Operational Excellence
We build operational excellence by managing a platform that is efficient, responsive, flexible an intuitive. We enforce standards that aim for good stewardship, accountability, alignment, and effectiveness.

Workforce Excellence
We support workforce excellence by providing standards, training and analytics so website stewards can effectively manage content.

Diversity and Inclusion 
We encourage a diverse and inclusive workforce that allows each employee to contribute their full potential towards achieving MnDOT’s strategic vision. Our commitment to diversity and inclusion allows us to more effectively address the issues facing the diverse communities in Minnesota. 
Be mindful of harmful words when creating content. Ask yourself these questions: 

  • Does the language make you uncomfortable, even if you can’t quite articulate the reason? 
  • Is the language working metaphorically? 
  • If so, what are the implications behind the metaphor? Does it place a positive connotation on a group and a negative one on something else? 
  • Does the language imply “otherness” and exclusivity? 
  • Can it be substituted for something clearer or more literal? Think about what the term actually means and describe that. 

Be concise

To keep content understandable, concise and relevant, it should be:

  • Specific
  • Informative
  • Clear and concise
  • Brisk but not terse
  • Incisive (friendliness can lead to a lack of precision and unnecessary words) but human (not something generated by a faceless machine)
  • Serious but not pompous or emotionless—adjectives can be subjective and make the text sound more emotive and like spin

Avoid duplication

If something is written once and links to relevant information easily and well, people are more likely to trust the content. Duplicate content produces poor search results, confuses the user, and damages the credibility of our websites.

If users can find two similar pieces of content on a subject, they might end up calling a helpline or sending an email to the first address they find because they aren’t sure they have the right information.

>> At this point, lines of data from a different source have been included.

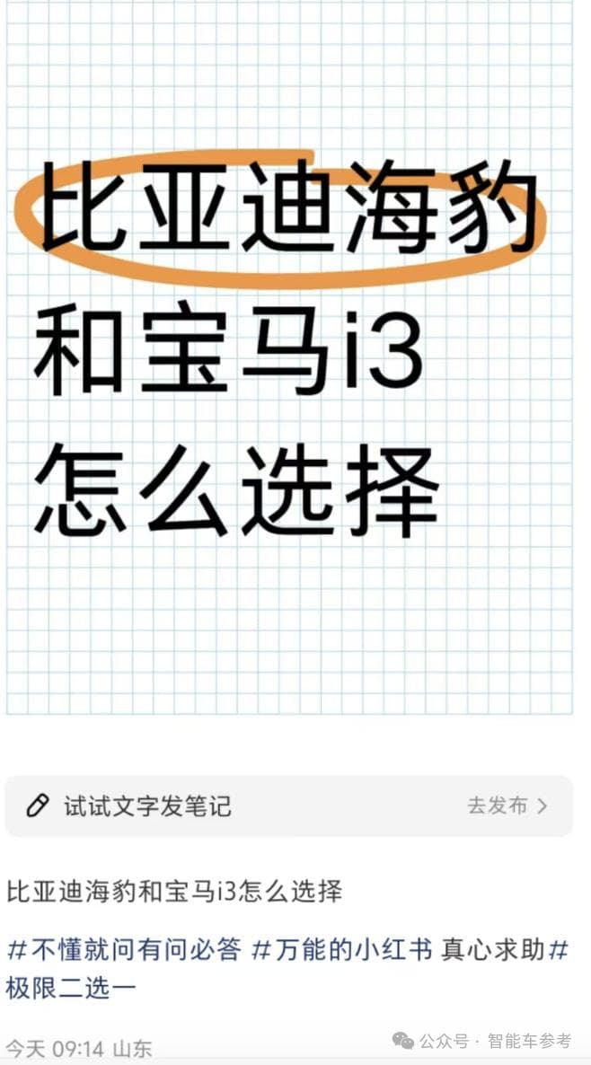 于是,有意思的来了,也就是咱们开头看到的,准车主开始在宝马和比亚迪之间犹豫了,豪华品牌的地位开始动摇。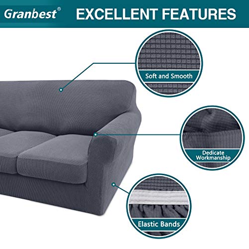 Granbest Checkered Couch Cover for 3 Cushion Couch High Stretch Sofa Cover 3 Seater Washable Sofa Slipcover for Dogs Pets Slip Resistant Furniture Protector (3 Seater, Grey)
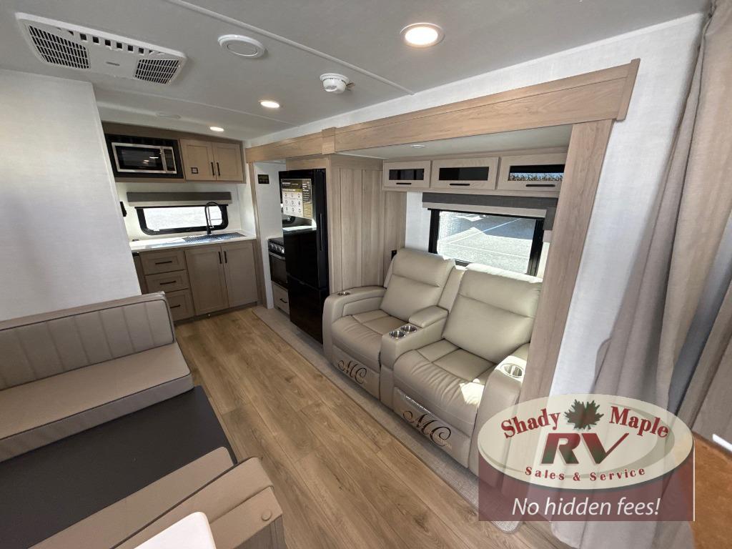 This stunning travel trailer is designed to provide the ultimate in comfort, convenience on the open road. The full bathroom is a haven for relaxation and refreshment, while the kitchen is equipped with a microwave, overhead cabinets, a three-burner cooktop, and a 12V refrigerator, making meal prep and dining the easiest task. The kitchen pantry provides ample storage for your favorite ingredients. Further, the booth dinette is a cozy spot for meals or socializing, and the theater seating is perfect for relaxing and enjoying your favorite shows or movies on the 12V Smart TV. Plus, the front bedroom is a serene retreat, featuring a spacious queen bed and convenient wardrobe, providing the perfect spot to rest and recharge after a day of adventure.
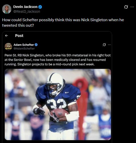 Devin Jackson of the Philadelphia Inquirer summed up the confusion: “How could Schefter possibly think this was Nick Singleton when he tweeted this out?”

There are thousands of federal websites. Collectively, they host hundreds of millions of pieces of content. What are you writing about? What are other agencies publishing? Are users across the country and the world seeing a coherent view?

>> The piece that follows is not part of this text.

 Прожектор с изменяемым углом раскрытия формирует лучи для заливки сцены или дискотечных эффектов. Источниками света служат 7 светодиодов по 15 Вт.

Before you publish something, check that the user need you’re trying to address has not already been covered:

  • Search for the content using a popular search engine like Google or Bing. This is how most users will start, too. If content is already easy to find, duplicating it can lead us to compete with ourselves for search results.
  • Often, 18F team members write about a government service, tool, or program. Think authoritatively: What department or agency controls the thing you’re writing about? What information have they produced already?
  • Start significant projects with a content audit. Identify how any existing information is used and whether it will be helpful to your users in its current state. If it isn’t, what must change for it to help you address your users’ needs? Focus your work on those changes.

Keep refining

Content design is an ongoing process, and even published content isn’t really “done,” in a traditional sense — it’s not a static entity. To ensure that your content is helping users, you need to keep refining it over time.

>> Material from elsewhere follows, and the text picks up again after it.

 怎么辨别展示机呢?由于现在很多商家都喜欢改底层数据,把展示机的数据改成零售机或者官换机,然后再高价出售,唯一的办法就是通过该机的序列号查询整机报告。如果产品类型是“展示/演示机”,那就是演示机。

When you’re creating content, it’s best to base your refinements on insights from users. This section addresses ways to test your content’s effectiveness and includes tips for archiving and deleting content without disrupting the user experience.

Testing and ongoing research

Set aside time regularly to make sure your content works for users. If you’re not sure where to start, check your web analytics to identify:

  • Pages with high or low traffic
  • Pages with high or low reading times
  • Common search terms
  • Common user flows within your site

You can also review:

  • User feedback from surveys, call center logs, and support emails
  • Recurring themes from channels like Twitter, Facebook, and tech blogs

You should make a habit of listening to users, too. Conduct usability testing sessions regularly to understand how people access, use, and interpret key pieces of content on your site. See Looking at the different ways to test content on the 18F Blog for more details.

Additional resources

Archiving and deleting content

You may occasionally need to archive or delete outdated content. Maybe it’s irrelevant after a recent policy change or redundant with other pages on your site. Avoid moving or deleting content without a good reason, because it can cause a lot of frustration for users. Changes to site structure may also slow down users who’ve learned specific navigation paths on your site.

As part of ongoing site maintenance, you should audit your content to keep everything updated and identify potential duplication. Depending on the size of your site, you may want to review everything on a yearly basis, for example, or look at one or two sections at a time.

Before you archive or delete anything, review your site analytics to understand how users are accessing the content now, and check in with the content owner or author to come up with a plan together. Be sure to consider cases that may not show up in analytics data too, such as:

  • Search engine results
  • User bookmarks
  • Links from external sites

Each of these can be addressed by ensuring you have redirects from the old URLs to the latest content.
When you’re looking at a particular page, think about the best way to meet user needs:

  • Who is this content for?
  • Is there a legal requirement for having it?
  • How often do people visit this page?
  • Are there any incoming links to it, either within your site or from popular referrers?
  • Are there other pages that cover this topic? Can you combine them? Which one shows up higher in search results?
  • Can you hide or archive the page instead of deleting it?
  • Was this content meant to expire quickly? Was the website the right channel for this type of content — or should posts like this move to a blog, newsletter, or social media account in the future?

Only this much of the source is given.